LinkedIn is awful, Part MCMXXLIV

By Pete Brown

A person I generally like and respect shared a thing on LinkedIn recently about how “organizational health” is important to long- term company performance. That sounds great!

Then I noticed that it was a report from McKinsey and could not help but to actually laugh out loud (NOTE: It was not happy laughter. -Ed.). If I were to make a list of the worst influences upon both organizational health and long-term company performance, it would be hard to think of any individual or organization that would be closer to the top than McKinsey.

Then I was left with deciding whether or not to post a reply. I have a pretty firm policy of not engaging with any posts on any of the big social media platforms. I avoid Facebook and Twitter entirely at this point, but still occasionally find myself on LinkedIn for work-related reasons.

I ended up deciding against responding, mostly because LinkedIn is a terrible place and I have no interest in contributing to it.

Still, it bums me out that this person is sharing this kind of junk.

I feel like that is what is particularly gross about LinkedIn. It has the bad incentives and behaviors that are inherent to all of the big social media platforms, and then piles on the additional grossness of career-related striving.

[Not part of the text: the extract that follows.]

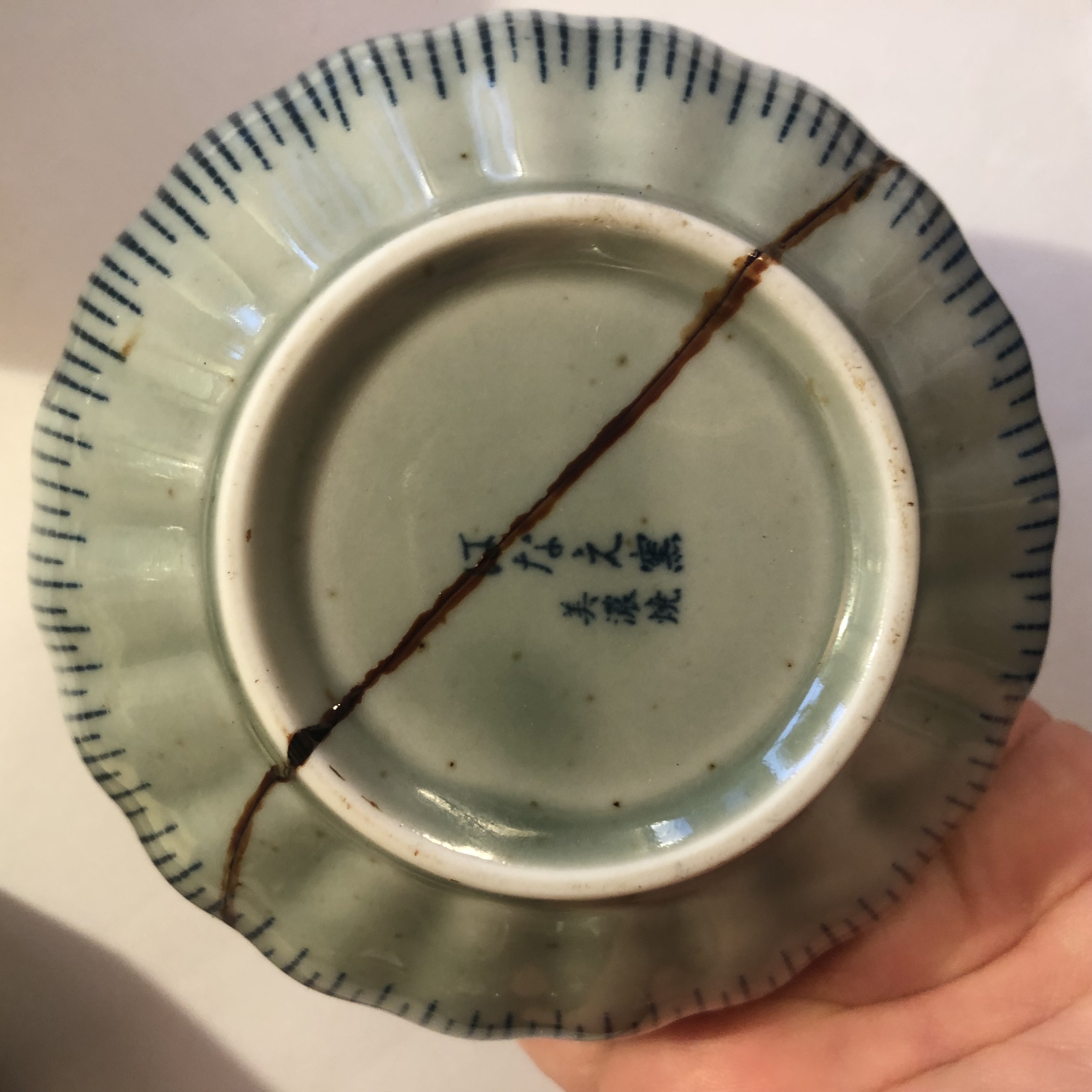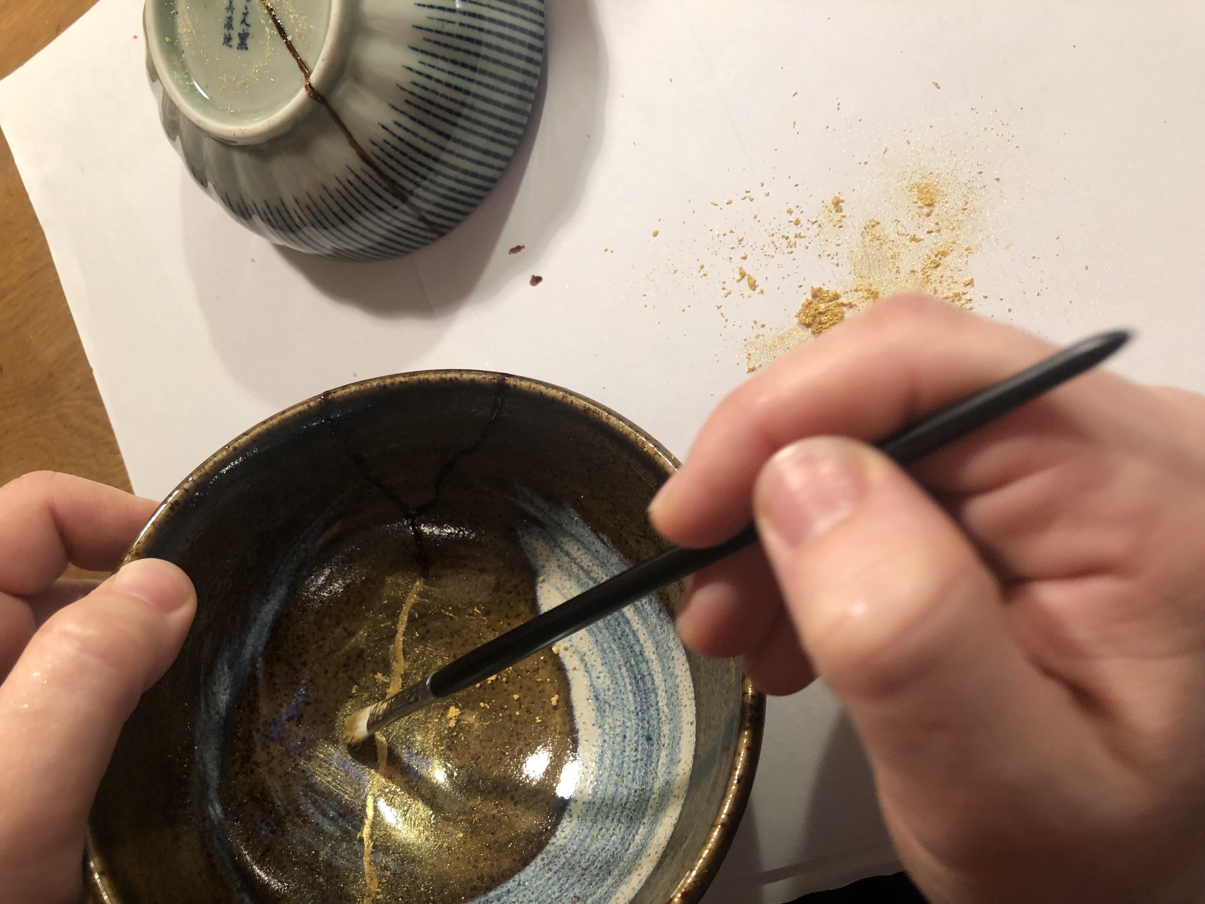 Kintsugi, 金継ぎ= etwas mit Gold bzw. Metallpulver zusammenfügen. Kintsugi ist eine traditionell japanische Methode zerbrochene Keramik mit Urushi, einem natürlichen Lack gewonnen aus dem Saft des Urushibaumes, und Goldpulver zusammenzufügen.

I think that yields the sort of junk one sees on LinkedIn—the constant uncritical boosterism of every current tech and business trend, the lickspittle-ish promotion of employers posts, the weird “my company laid me off but I’m so grateful for the opportunity they gave me” apologia. The platform’s currency for individual posters is their own career prospects. Who cares if McKinsey is awful if their post provides content I can use to promote myself? This is what we end up with in a system where we throw everyone in a heap and leave them on their own to claw their way a bit higher in the pile.